##### PROVIDED INFORMATION

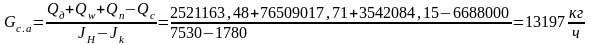 Qрасх=2521163,48+76509017,71+3542084,15-13197*1780=106062925
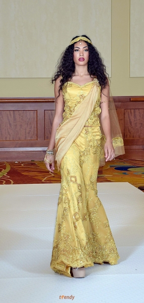 TeKay Designs signature ‘Queen of the Brides’ collection was recently featured at the recently hosted Houston Fashion Week. As part of the Spring 2015 release, the label featured embellished gowns with cathedral veils and headpieces representing several European and Egyptian queens in their signature white and silver, ivory and gold colors.
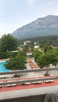 Отель нам понравился, только своим прекрасным и чистым морем. И видом из номера на горы) уборка номера была каждый день, но она заключалось только в заправке кровати и день через день меняли полотенца. Пыль на зеркале в номере лежала толстым слоем и не вытерлась видимо с прошлого летнего сезона. Сейф в номере платный 10 дней-20$. Вай фай тоже платный и ловит плохо. Симки дорогие.Питание в отеле средней поршивости . Голодным не останешься, но особо выбирать нечего! Из фруктов в отеле только яблоки и апельсины! Всегда большие очереди за мясом, блинчиками ,мороженным .Алкоголь местный на вкус так себе, лучше брать с собой с дюти фри))) анимация для взрослых отсутствует практически.
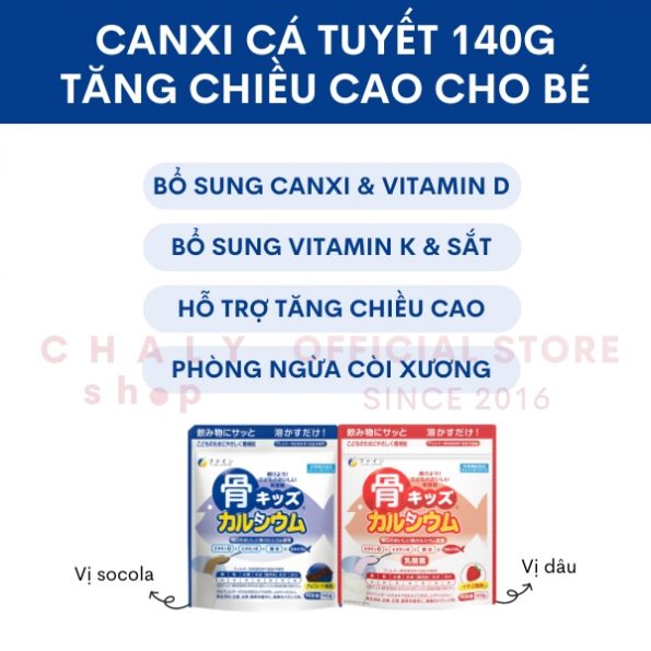 Canxi cá tuyết trẻ em tại Chaly là sản phẩm chính hãng, đủ tem phụ hoá đơn. Quý khách có nhu cầu mua sỉ canxi cá tuyết Fine JP vui lòng liên hệ trực tiếp
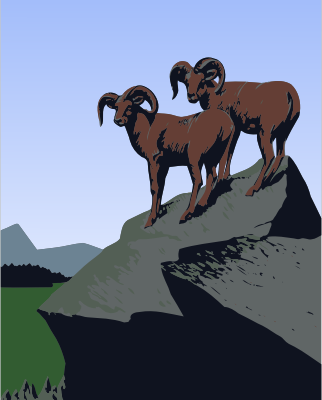 - poster antique vintage travel advert advertisement national park park US USA America United States goat animal mammal mountain
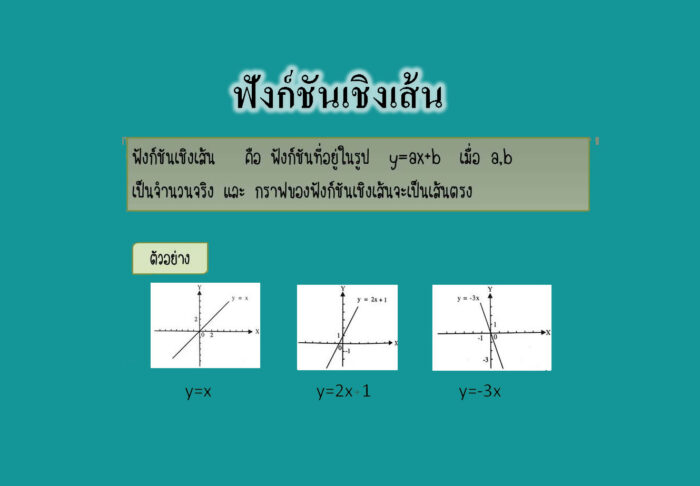 ฟังก์ชันเชิงเส้น ฟังก์ชันเชิงเส้น คือ ฟังก์ชันที่อยู่ในรูป y = ax+b เมื่อ a ,b เป็นจำนวนจริง และ กราฟของฟังก์ชันเชิงเส้นจะเป็นเส้นตรง
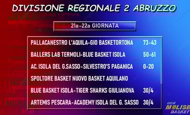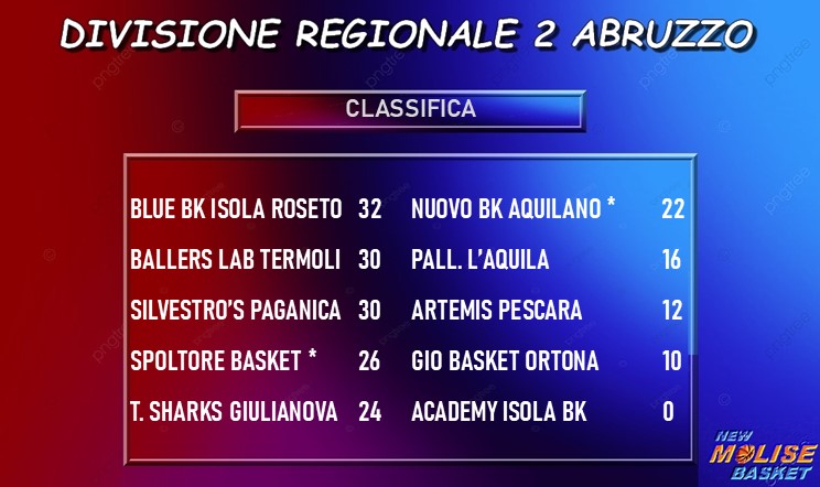 Seconda sconfitta consecutiva per la Ballers Lab Termoli, che lascia i due punti alla Blue Basket Isola, che effettua il sorpasso in classifica ed ora è la grande favorita per concludere la regular season in pole position, oltre che - a questo punto - per la vittoria del campionato, anche se - come spesso accade - nei playoff ogni pronostico può essere sovvertito. La speranze di primato per i termolesei, in realtà, non sono del tutto tramontate, ma passano attraverso la nexcessità che la Blue Basket perda la gara di giovedì contro Giulianova, cosa che permetterebbe alla Ballers Lab, con una vittoria domenica prossima controp Ortona, di concludere la regular season a pari merito con gli "isolani" e riprendersi il primato in quanto in vantaggio negli scontri diretti ndella fase di andata e ritorno (da regolamento, le partite della fase ad oirologio non contano nel computo degli scontri diretti). Dato il momento di gran forma della Blue Basket, riteniamo però che una sua sconfitta contro gli "squali tigre" sia abbastanza improbabile.

##########

AIM OF THE TASK: Above are records to transcribe exactly; leave their pictures out.

OUTPUT OF THE TASK:
 Qрасх=2521163,48+76509017,71+3542084,15-13197*1780=106062925
 TeKay Designs signature ‘Queen of the Brides’ collection was recently featured at the recently hosted Houston Fashion Week. As part of the Spring 2015 release, the label featured embellished gowns with cathedral veils and headpieces representing several European and Egyptian queens in their signature white and silver, ivory and gold colors.
 Отель нам понравился, только своим прекрасным и чистым морем. И видом из номера на горы) уборка номера была каждый день, но она заключалось только в заправке кровати и день через день меняли полотенца. Пыль на зеркале в номере лежала толстым слоем и не вытерлась видимо с прошлого летнего сезона. Сейф в номере платный 10 дней-20$. Вай фай тоже платный и ловит плохо. Симки дорогие.Питание в отеле средней поршивости . Голодным не останешься, но особо выбирать нечего! Из фруктов в отеле только яблоки и апельсины! Всегда большие очереди за мясом, блинчиками ,мороженным .Алкоголь местный на вкус так себе, лучше брать с собой с дюти фри))) анимация для взрослых отсутствует практически.
 Canxi cá tuyết trẻ em tại Chaly là sản phẩm chính hãng, đủ tem phụ hoá đơn. Quý khách có nhu cầu mua sỉ canxi cá tuyết Fine JP vui lòng liên hệ trực tiếp
 - poster antique vintage travel advert advertisement national park park US USA America United States goat animal mammal mountain
 ฟังก์ชันเชิงเส้น ฟังก์ชันเชิงเส้น คือ ฟังก์ชันที่อยู่ในรูป y = ax+b เมื่อ a ,b เป็นจำนวนจริง และ กราฟของฟังก์ชันเชิงเส้นจะเป็นเส้นตรง
 Seconda sconfitta consecutiva per la Ballers Lab Termoli, che lascia i due punti alla Blue Basket Isola, che effettua il sorpasso in classifica ed ora è la grande favorita per concludere la regular season in pole position, oltre che - a questo punto - per la vittoria del campionato, anche se - come spesso accade - nei playoff ogni pronostico può essere sovvertito. La speranze di primato per i termolesei, in realtà, non sono del tutto tramontate, ma passano attraverso la nexcessità che la Blue Basket perda la gara di giovedì contro Giulianova, cosa che permetterebbe alla Ballers Lab, con una vittoria domenica prossima controp Ortona, di concludere la regular season a pari merito con gli "isolani" e riprendersi il primato in quanto in vantaggio negli scontri diretti ndella fase di andata e ritorno (da regolamento, le partite della fase ad oirologio non contano nel computo degli scontri diretti). Dato il momento di gran forma della Blue Basket, riteniamo però che una sua sconfitta contro gli "squali tigre" sia abbastanza improbabile.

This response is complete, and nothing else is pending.